Long, long ago, when the earth was young – or at least when we were younger – my brother was determined to get on Survivor. He got so far as getting a call from a producer; I still say he would have been a lot more entertaining than half the chuckleheads they’ve had on. Being the data freak I am, I decided that if he could just do his part and get on, I could make him King of Survivor. I started getting books out of the library and looking up all sorts of weird and wild stuff online, and filled a notebook with the most relevant and useful and efficient methods of starting a fire, building a shelter, purifying water, catching fish, and more. (If the end of the world occurs, I ask that the gentle reader keep this in mind when planning his or her survival team: I still have that book (since my brother never got on the show) and I still remember a lot of it… And now I have this book.
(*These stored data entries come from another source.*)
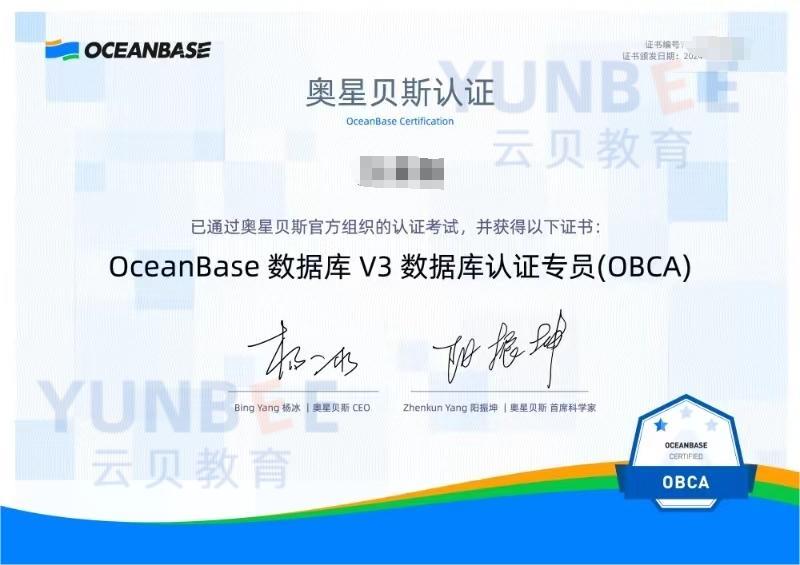 OceanBase 认证是 OceanBase 官方推出的唯一人才能力认证体系,代表了阿里巴巴及蚂蚁集团官方对考生关于 OceanBase 技术能力的认可,旨在帮助考生更好地学习 OceanBase 数据库产品,早日融入 OceanBase 技术生态体系,通过由浅入深的学习,一步步成长为 OceanBase 数据库专家。OBCA 认证与培训覆盖了 OceanBase 的发展历程、应用案例、产品架构、核心功能、部署安装等知识。帮助您理解多副本一致性协议、数据可靠及高可用、在线水平扩展、分布式事务等 OceanBase 的重要特性。
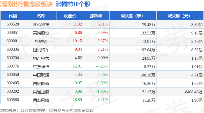 北向资金方面,当日滴滴出行概念股板块北向资金持股市值为165.79亿元,减持0.45亿元。其中增持最多的是中科创达,增持了0.27亿元。减持持最多的是中国联通,减持了0.26亿元。滴滴出行概念股板块北向资金持股变动明细见下表:
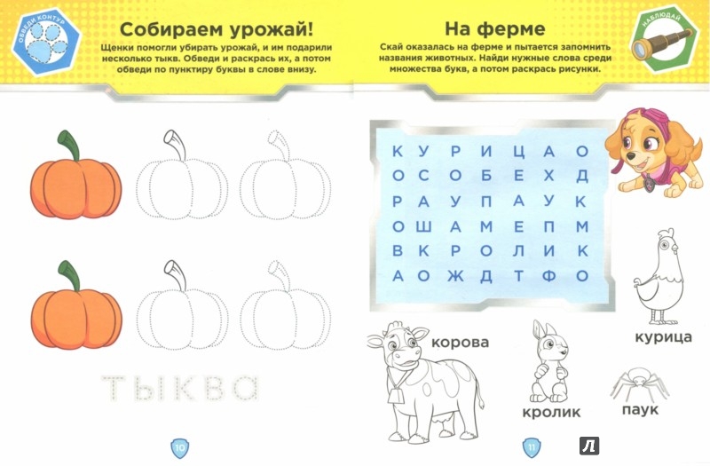 Любимые всеми герои "Щенячьего патруля" учат детей различать и сравнивать формы и размеры, находить недостающие детали, читать и правильно писать буквы и цифры, знакомят с новыми словами и понятиями.
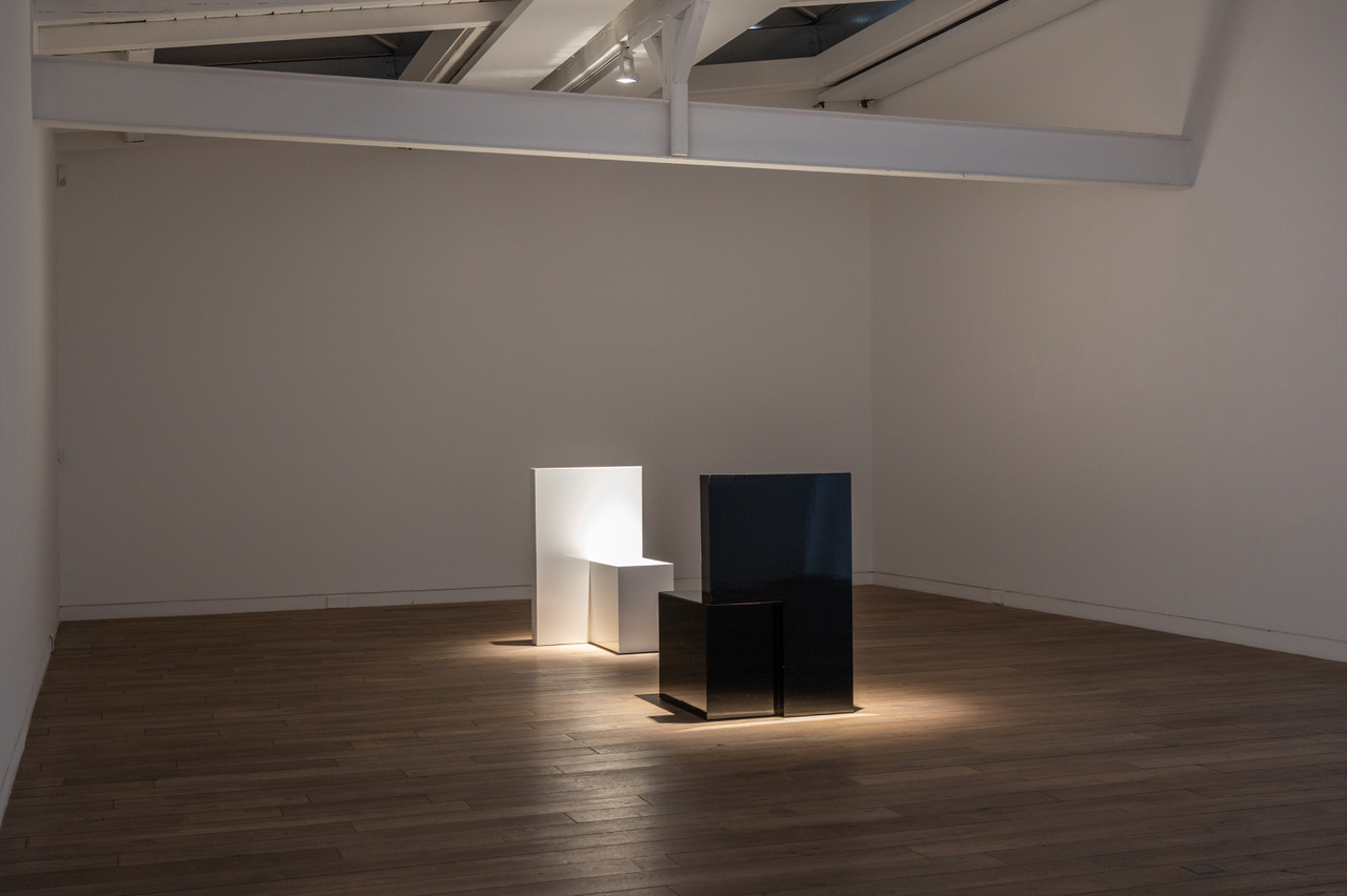 Father's Chair, 2022, wood, painted (white), 110 x 70 x 70 cm // Father's Chair, 2022, wood, painted (black), 110 x 70 x 70 cm. bernier-eliades/ Photograph: Linda Inconi-Jansen
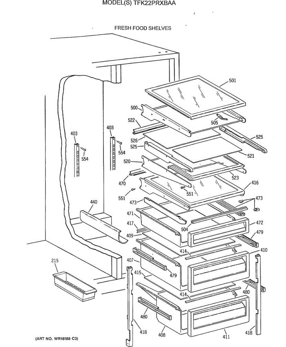 Parts for Ge TFK22PRXBAA: 05 - Fresh Food Shelves Parts

Think Eugene without a Y chromosome or a mullet. That’s me.)
This book is that notebook, with awesomely snazzier illustrations and a whole heck of a lot more information.
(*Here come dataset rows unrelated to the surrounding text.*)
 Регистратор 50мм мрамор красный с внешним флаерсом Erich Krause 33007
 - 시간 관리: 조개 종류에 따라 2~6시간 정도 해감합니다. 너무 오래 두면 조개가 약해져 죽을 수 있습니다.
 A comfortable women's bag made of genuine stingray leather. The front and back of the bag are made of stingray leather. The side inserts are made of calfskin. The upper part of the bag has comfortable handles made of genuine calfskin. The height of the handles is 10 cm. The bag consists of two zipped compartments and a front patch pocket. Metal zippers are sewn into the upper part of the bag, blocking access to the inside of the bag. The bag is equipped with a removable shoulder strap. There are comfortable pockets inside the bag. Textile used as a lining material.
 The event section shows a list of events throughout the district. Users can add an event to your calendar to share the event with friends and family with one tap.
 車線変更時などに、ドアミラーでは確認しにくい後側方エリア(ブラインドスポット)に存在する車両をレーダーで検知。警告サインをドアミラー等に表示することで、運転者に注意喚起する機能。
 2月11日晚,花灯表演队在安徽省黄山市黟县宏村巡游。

It already had my attention with its premise, but it won my heart with this sentence: “Let us set the scene. Paint the big picture (a little less Thomas Cole pastoral and a little more Edvard Munch horror)”.
And that premise? TAoETtZA proposes to show how not to just survive after TSHTF (one of the author’s favorite acronyms), but to live. Why settle for bland squirrel while huddling in your improvised shelter, or flavorless fish after clearing the undead out of the local prison? There’s no need, if only you read this book.
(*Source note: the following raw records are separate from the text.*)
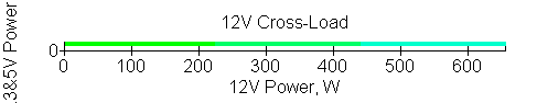 Следующим этапом инструментального тестирования является построение кросснагрузочной характеристики (КНХ) и представление ее на четвертьплоскости, ограниченной максимальной мощностью по шине 3,3&5 В с одной стороны (по оси ординат) и максимальной мощностью по шине 12 В с другой стороны — по оси абсцисс. В каждой точке измеренное значение напряжения обозначается цветовым маркером в зависимости от отклонения от номинального значения.
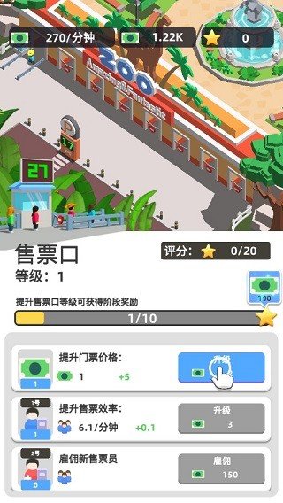 让动物园里面的动物变得更加丰富,只有这样才可以让自己的收入得到提高。游戏设计了真实的经济系统,稀有动物能吸引更多游客,带来更高门票收入。同时你还需要平衡动物饲养成本和园区维护费用,确保动物园的可持续发展。
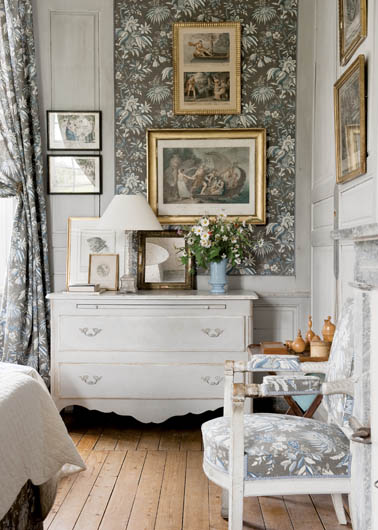 W sypialni motywem przewodnim jest szara tkanina z kwiecistym wzorem.
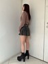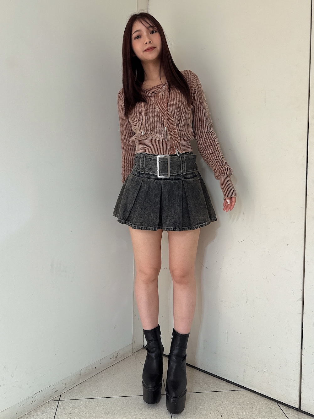 【トップス】 フロントレースアップデザインのブリーチニットです。フロントデザインがあるのでシンプルなデニム合わせもおすすめです✨ 【スカート】 ベルト付きのデニムプリーツスカートです。プリーツスカートのかわいらしさとデニムのカジュアルさが合わさったデニムスカートなので普段スカート履かない方でも使いやすいスカートです!155センチSサイズ着用 【ブーツ】 毎年人気のシンプルな厚底ブーツです。 シンプルなデザインなのでどんなコーデにも合わせやすく厚底なので歩きやすいです。23.5センチMサイズ着用
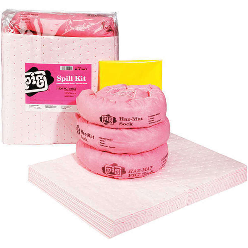 - KIT CONTAINS: 3 - ext. dia. 3" x 46" L PIG HazMat Chemical Absorbent Sock, 12 - 15" W x 20" L PIG HazMat Chemical Absorbent Mat Pad, 2 - 18" W x 30" H Polyethylene Disposal Bags in a Clear Vinyl Bag
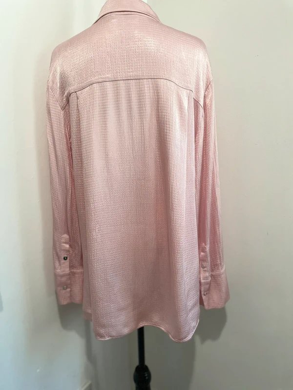 The Mint Velvet Pink Oversized Cuff Textured Shirt is made from textured satin.

Not only is it a smart guide to how to eat well when things fall apart, it’s a smart guide to basically everything you need to know about that basic survival: how to prepare while things are normal (if that’s what you want to call it), what to bring when you bug out – and whether you should bug out, what you should concentrate on when foraging in the woods or in town, and the most basic basics of all: how to start a fire, how to purify water, and why you shouldn’t eat cockroaches (apart from the obvious). There are recipes (with punny or otherwise clever names), diagrams (MRE’s come with chewing gum?), and short- and long-range plans for survival. For living. It’s fantastic.
Let’s face it – there are days when I agree with Frodo Baggins: “there have been times when I thought the inhabitants too stupid and dull for words, and have felt that an earthquake or an invasion of dragons might be good for them.” (An invasion of dragons would, in its end result, strongly resemble a zombie apocalypse, although dragons are smarter. And cooler. And they fly. Well, and “scorched earth” might be a relevant phrase. Okay, not so strong a resemblance.)
The usual disclaimer: I received this book via Netgalley for review.